The cliff divers of Acapulco push off horizontally from rock platforms about 35 m above the water, but they must clear rocky outcrops at water level that extend out into the water 5.0 m from the base of the cliff directly under their launch point. See Fig. 3–53. What minimum push-off speed is necessary to clear the rocks? How long are they in the air?

Consider the downward direction as positive y and the origin as the point from which the divers push off the cliff.
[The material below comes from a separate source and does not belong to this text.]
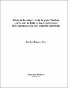 Trigueros, J. 2010. Efecto de la concentración de goma Xanthan y pH de la miel de fruta en las características físico-químicas de la miel cremada saborizada. Proyecto especial de graduación del programa de Ingeniería en Agroindustria Alimentaria, Escuela Agrícola Panamericana, Zamorano. Honduras. 24p. Los consumidores exigen actualmente productos naturales, de buen sabor y saludables. El objetivo del estudio fue determinar el efecto de la concentración de goma Xanthan y de la miel de fruta en las características físico-químicas de la miel cremada saborizada. Para el análisis estadístico de los datos se utilizó un diseño experimental de bloques completamente al azar (BCA), con tres medidas repetidas en el tiempo (días 1, 7 y 15) y tres repeticiones, con un total de 36 unidades experimentales. Se evaluaron dos concentraciones de goma Xanthan (0.25 y 0.5%) y dos sabores de miel de fruta (guayaba y mora). Las evaluaciones químicas de pH, muestran que la mayor media fue para los tratamientos sabor guayaba y mora 0.5% goma Xanthan, para estos la acidez disminuyó, causado por la concentración de goma Xanthan y los metoxilos de la guayaba, para el análisis físico de viscosidad existieron diferencias significativas (P< 0.05), obteniendo la mayor media el tratamiento sabor guayaba 0.5% goma Xanthan siendo el más viscoso, esto podría estar relacionado con la concentración de goma Xanthan y los metoxilos de la guayaba. Los panelistas no encontraron diferencias sensoriales entre tratamientos para aroma, acidez, sabor y aceptación general, excepto en el atributo de apariencia, el tratamiento guayaba 0.5% Xanthan, presentó la mejor aceptación. Los costos variables fueron de L. 17.82 para los tratamientos sabor guayaba y mora 0.25% goma Xanthan y de L. 18.32 para los tratamientos sabor guayaba y mora 0.5% goma Xanthan, para una presentación de 250 g.

Also, in the vertical direction, the value of the initial velocity is equivalent to zero.

Given data:

The distance above the water is $d=35\mathrm{m}$.

The distance from the base of the cliff is $L=5\mathrm{m}$.
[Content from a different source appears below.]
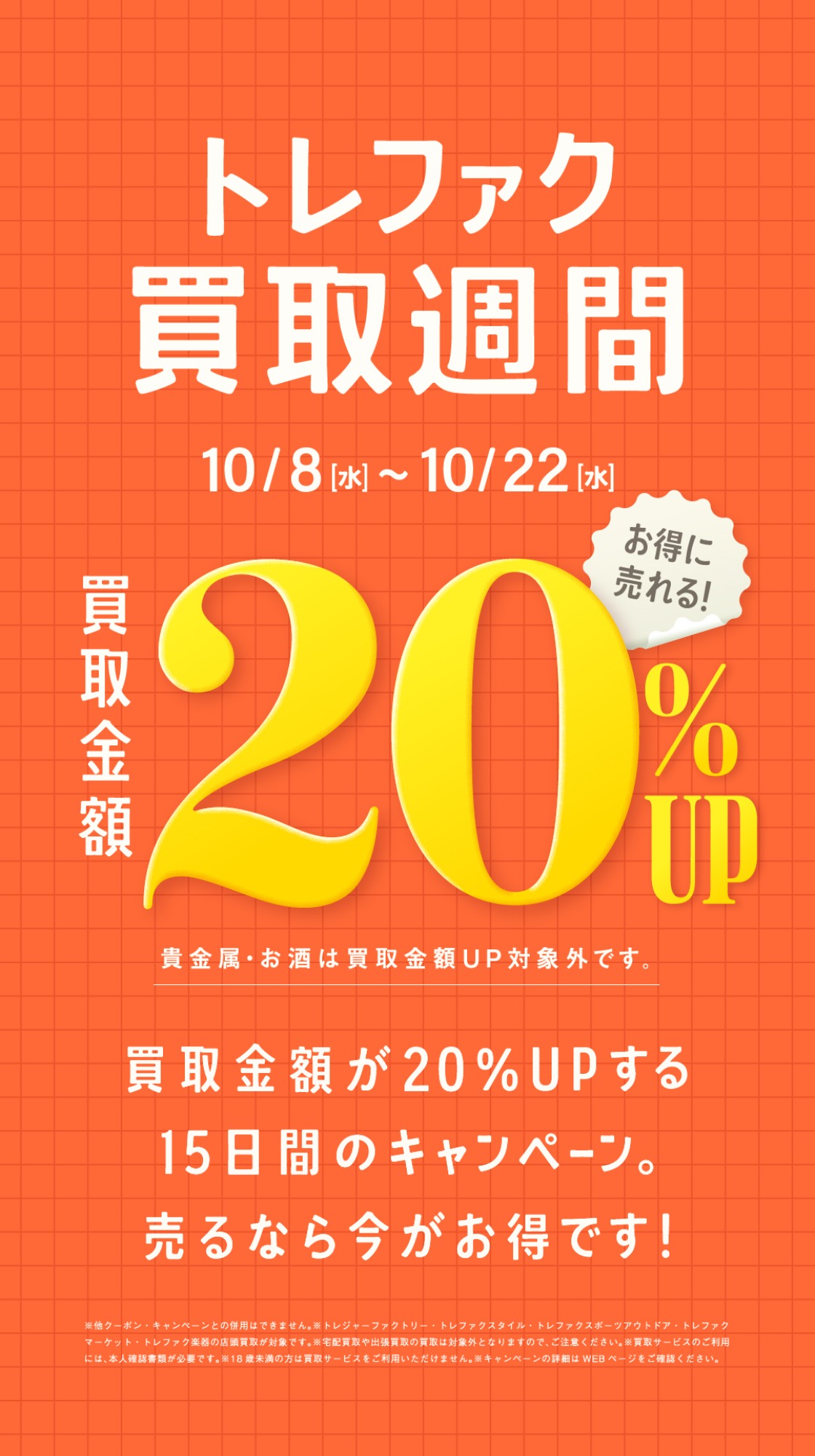 期間中にお持ち込み頂いたお品物が全て20%アップとなるキャンペーンを開催中!!

The formula to calculate the time of flight can be written as:

$d=ut+\frac{1}{2}g{t}^2$

Here, u is the initial velocity in the vertical direction whose value is zero, and g is the gravitational acceleration.
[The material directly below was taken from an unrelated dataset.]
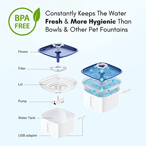 Large capacity: Staying hydrated is the key to preventing kidney and urinary tract diseases. The 95oz capacity makes this pet fountain water dispenser a perfect fit for small to medium dog breeds and all cats.

On plugging the values in the above relation, you get:

$\begin{array}{c}35\mathrm{m}=\left(0\right)t+\frac{1}{2}\left(9.81\mathrm{m}/{\mathrm{s}}^2\right)t^2\\ t=2.67\mathrm{s}\end{array}$

Thus, $t=2.67\mathrm{s}$is the required time.

The formula to calculate speed can be written as:

$v=\frac{L}{t}$

On plugging the values in the above relation, you get:

$\begin{array}{l}v=\left(\frac{5\mathrm{m}}{2.67\mathrm{s}}\right)\\ v=1.87\mathrm{m}/\mathrm{s}\end{array}$

Thus, $v=1.87\mathrm{m}/\mathrm{s}$is the minimum push-off speed.